**TASK INSTRUCTIONS**
The entries below contain pictures. Write out only the lines from the line with "起床時刻になりました。急いで" up to and including the line with "We are now ready", exactly, without them.

——————

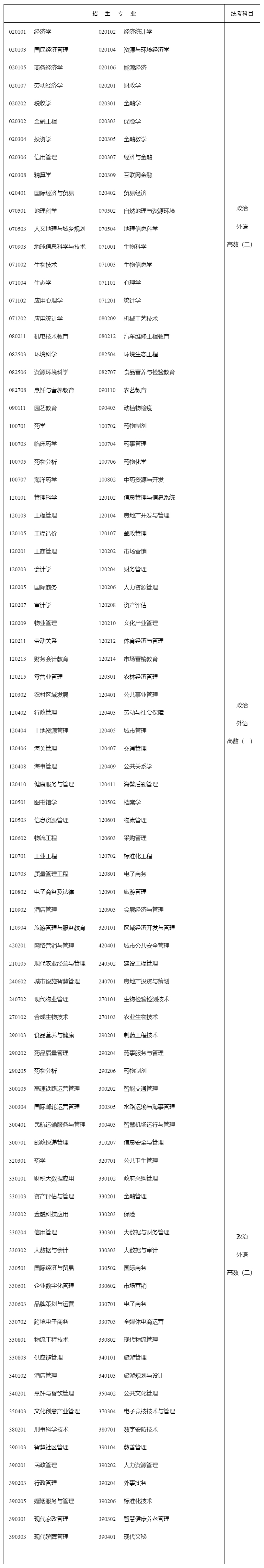 2.專科起點(diǎn)升本科招生專業(yè)與統(tǒng)一考試科目對(duì)照表
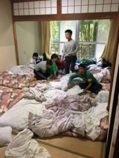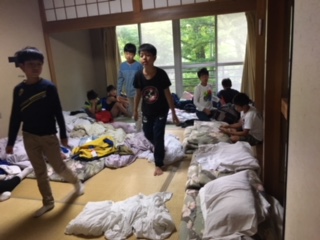 起床時刻になりました。急いで朝の準備をしてください。昨日は、3時位からうるさい部屋があったそうです。今日のハイキング、大丈夫かな、、、
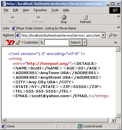 We are now ready to extract data from the Web Service. This proxy object will have the complete public interface for any business functions that we have exposed. Remember, we didn't even register the DLL. We just compiled the source code and stuck the DLL in the "bin" directory. This is sufficient to get access to the DLL by the Web server. You may be confused if you are not familiar with the deployment mechanisms in ASP.NET. We do not need to register a DLL in order to be recognized by the operating system. We just put it under the local "bin" directory and the .NET Framework will pick it up at run time.
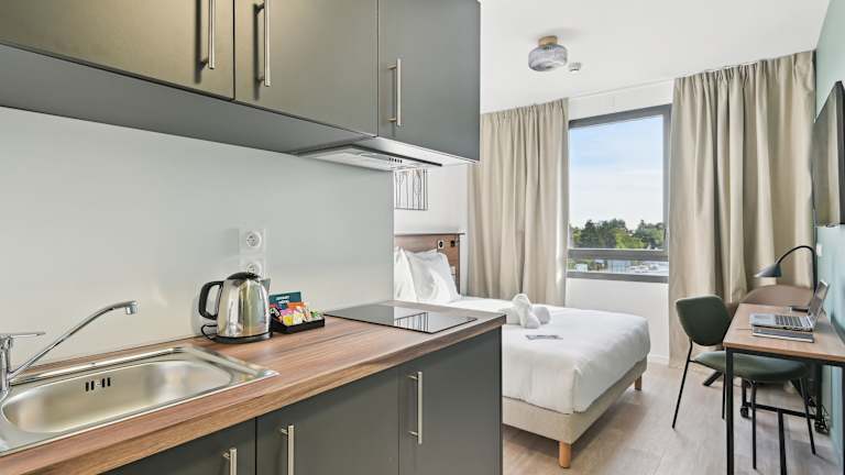 Die Zimmer im All Suites Paris Ouest Colombes sind komfortabel und modern eingerichtet. Jedes Zimmer verfügt über einen Flachbild-TV, ein eigenes Bad mit Badewanne oder Dusche und einen Haartrockner. Die Küchenzeile ist mit einem Kühlschrank, einem Backofen und einer Mikrowelle ausgestattet, so dass Sie sich selbst verpflegen können. Kostenloses WLAN steht Ihnen in allen Bereichen der Unterkunft zur Verfügung.
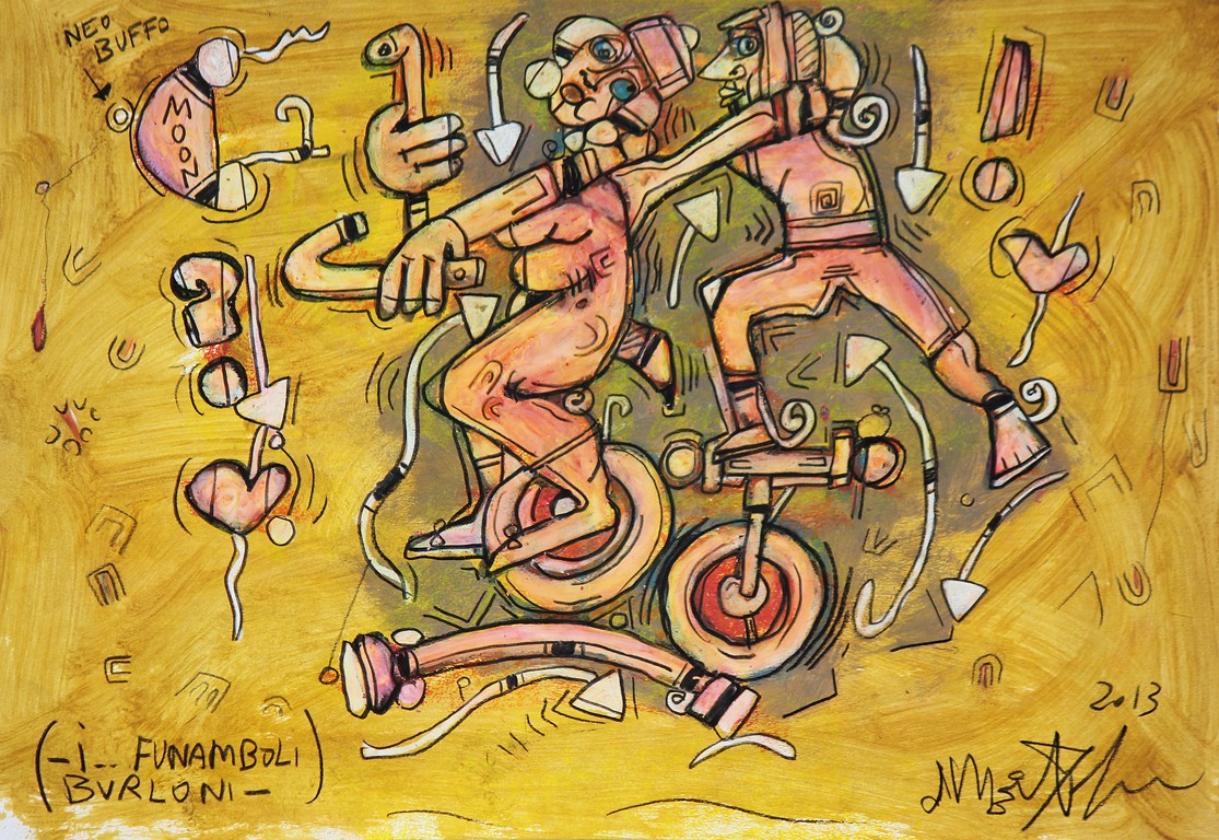 DELEGO MARTINO (n. 1956) I funamboli burloni. 2013. Tecnica mista su carta....
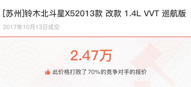 下面一起来看下开了不同公里数的铃木北斗星X5在二手车拍卖平台上卖了多少钱:
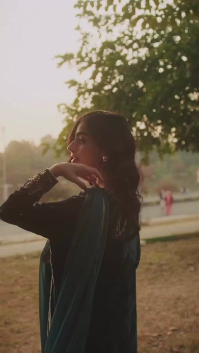 An elegant ensemble designed for timeless occasions. Minal features a luxurious French velvet shirt paired with a classic farshi shalwar, creating a graceful and regal silhouette. The shirt is adorned with intricate cut dana work, adding subtle sparkle and refined detail. A medium silk dupatta completes the look, bringing balance and fluidity to the outfit.
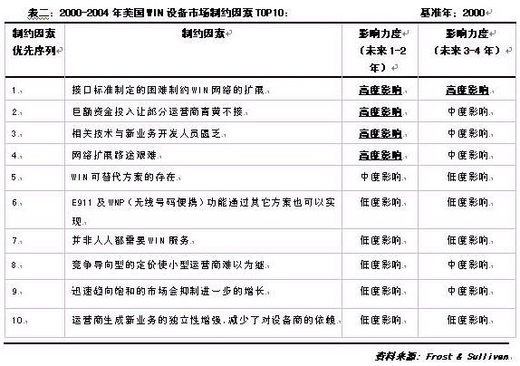 本地或區(qū)域價(jià)格方案在我們預(yù)測(cè)的時(shí)期內(nèi), 將始終是手機(jī)用戶采納的最多的一種方案。 1999年,在美國(guó)有5千7百 萬(wàn),大約70%的用戶是采用本地或區(qū)域方案, 而該方案產(chǎn)生的營(yíng)業(yè)額為274.5億美元, 約占市場(chǎng)總規(guī)模的58.6%。Frost & Sullivan 預(yù)計(jì),到2005年, 46.6%的手機(jī)用戶還會(huì)使用該種方案, 而該方案產(chǎn)生的營(yíng)業(yè)額將為291.2億美元,占市場(chǎng)總規(guī)模的比例將縮至36.1%。
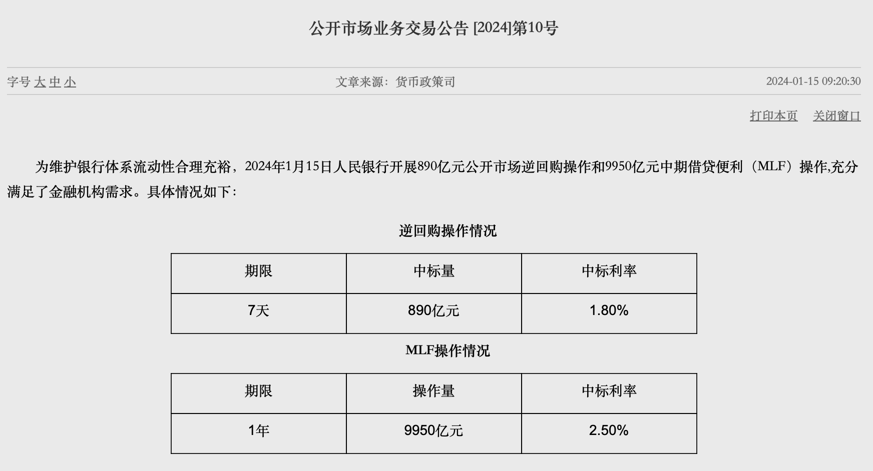 1月15日,中國人民銀行(下稱“央行”)開展今年首次MLF(中期借貸便利)操作。

——————

**OUTPUT FOR THIS EXERCISE**
 起床時刻になりました。急いで朝の準備をしてください。昨日は、3時位からうるさい部屋があったそうです。今日のハイキング、大丈夫かな、、、
 We are now ready to extract data from the Web Service. This proxy object will have the complete public interface for any business functions that we have exposed. Remember, we didn't even register the DLL. We just compiled the source code and stuck the DLL in the "bin" directory. This is sufficient to get access to the DLL by the Web server. You may be confused if you are not familiar with the deployment mechanisms in ASP.NET. We do not need to register a DLL in order to be recognized by the operating system. We just put it under the local "bin" directory and the .NET Framework will pick it up at run time.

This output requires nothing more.